< Home

Discovering Vector

TL/DR

Logstash + Rust = Vector ?

We can actually describe Vector as a Logstash built in Rust, with all the language’s advantages for free (high performance, cross-compilation), but the flaws of a still young product (few modules, no known references). Note that the documentation seems well done, and the first existing modules allow you to manage a lot of simple monitoring use-case. As we can agree that Logstash is not the best product in the world, let’s hope that Vector will find its place in the community in the coming months. In addition, Vector natively offers modules equivalent to the Logstash’s one, which means that the migration will not be complicated!

And so what ? We have time, right ? #LockedDown

Vector could be defined as an high-performance observability data router that makes transforming, collecting, and sending events (logs & metrics) easy.

Concept

Basically, it’s an ETL based on the following concepts:

  • Source (aka. E / Extract)

Reading raw data from the source. For example, we could read log into a file, listen a Kafka topic or get StatsD metrics

  • Transform (aka. T / Transform)

Transform raw data, or complete data stream. For example, we could filter entries or parse a log using a regular expression

  • Sink (aka. L / Load)

Destination for events. Each module’s transmission method is dictated by the downstream service it is interacting with (ie. individual events, bulk or stream). For example, we could save raw data into Amazon S3, indexing them into Elasticsearch or expose to Prometheus

Features

Fast

Built in Rust, Vector is fast and memory-efficient, all without runtime or garbage collector

One only tool, from source to destination

Vector is designed to be used by everyone, whatever the context, by offering several deployment strategies:

In this case, it serves as serves as an light-weight agent by running in the background, in its own process, for collecting all data for that host.

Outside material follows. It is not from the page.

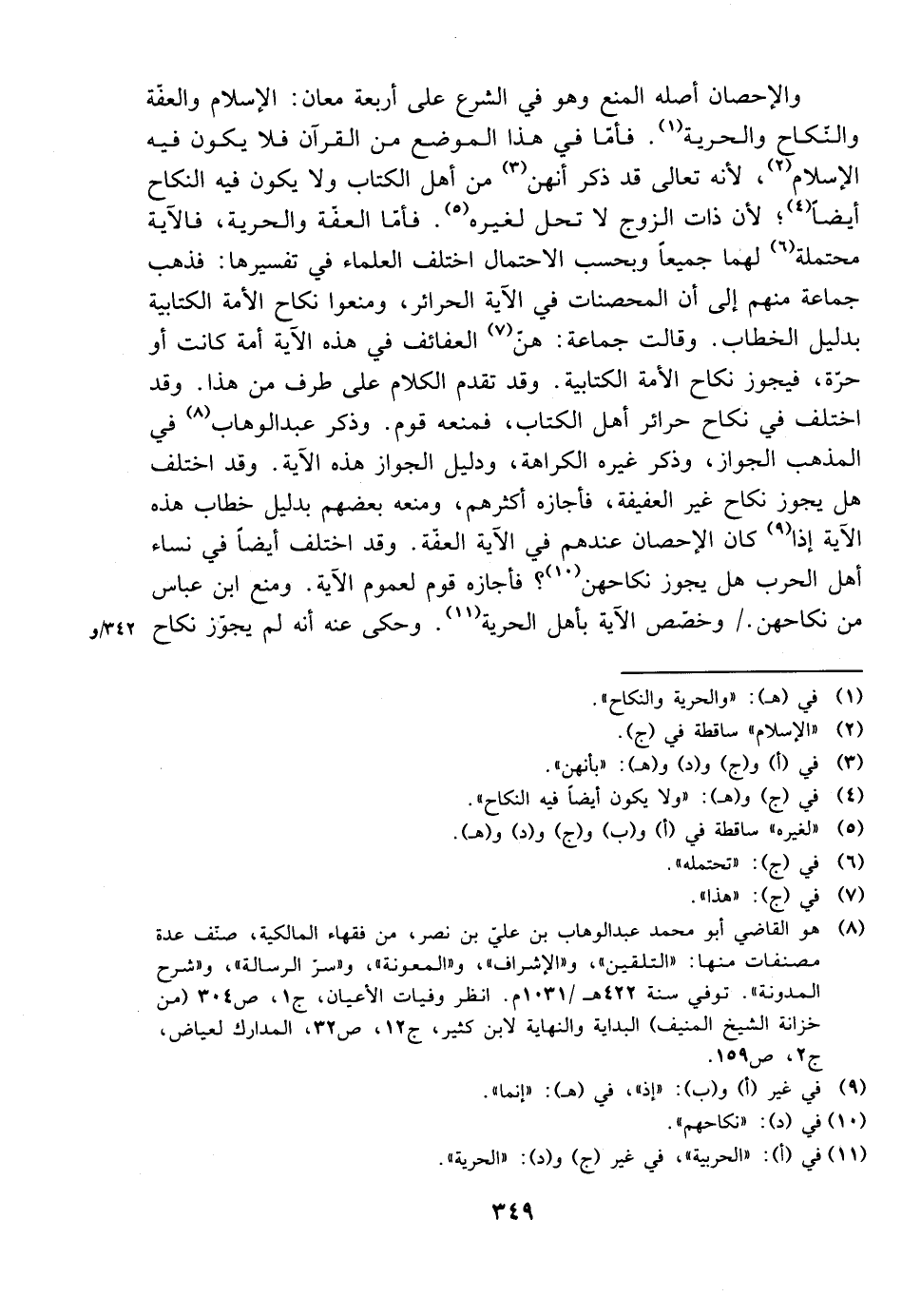 والإحصان أصله المنع وهو في الشرع على أربعة معان: الإسلام والعفة والنكاح والحرية. فأما في هذا الموضع من القرآن فلا يكون فيه الإسلام، لأنه تعالى قد ذكر أنهن من أهل الكتاب ولا يكون فيه النكاح أيضًا؛ لأن ذات الزوج لا تحل لغيره. فأما العفة والحرية، فالآية محتملة لهما جميعًا وبحسب الاحتمال اختلف العلماء في تفسيرها: فذهب جماعة منهم إلى أن المحصنات في الآية الحرائر، ومنعوا نكاح الكتابية بدليل الخطاب. وقالت جماعة: عن العفائف في هذه الآية أمة كانت أو حرة، فيجوز نكاح الأمة الكتابية. وقد تقدم الكلام على طرف من هذا. وقد اختلف في نكاح حرائر أهل الكتاب، فمنعه قوم. وذكر عبد الوهاب في المذهب الجواز، وذكر غيره الكراهة، ودليل الجواز هذه الآية. وقد اختلف هل يجوز نكاح غير العفيفة، فأجازه أكثرهم، ومنعه بعضهم بدليل خطاب هذه الآية إذا كان الإحصان عندهم في الآية العفة. وقد اختلف أيضًا في نساء أهل الحرب هل يجوز نكاحهن؟ فأجازه قوم لعموم الآية. ومنع ابن عباس من نكاحهن. وخصص الآية بأهل الحرية. وحكى عنه أنه لم يجوز نكاح

Here, it serves also an an agent, but we will have one process by service.

In ths case, Vector is a separate service designed to receive data from an upstream source and fan-out to one or more destinations.

By using and/or combining theses strategies, we can define several architecture topologies to collect our data.

In this topology, each Vector instance will directly send data to downstream services. It’s the simplest topology, and it will easily scale with our architecture. However, it can impact local performance or lead to data losses.

Here, each agent will send data to a dedicated centralized Vector instance, which will responsible to do the most expensive operations. So, it’s more efficient for client nodes, but a dedicated centralized service as a SPOF which could lead to data losses.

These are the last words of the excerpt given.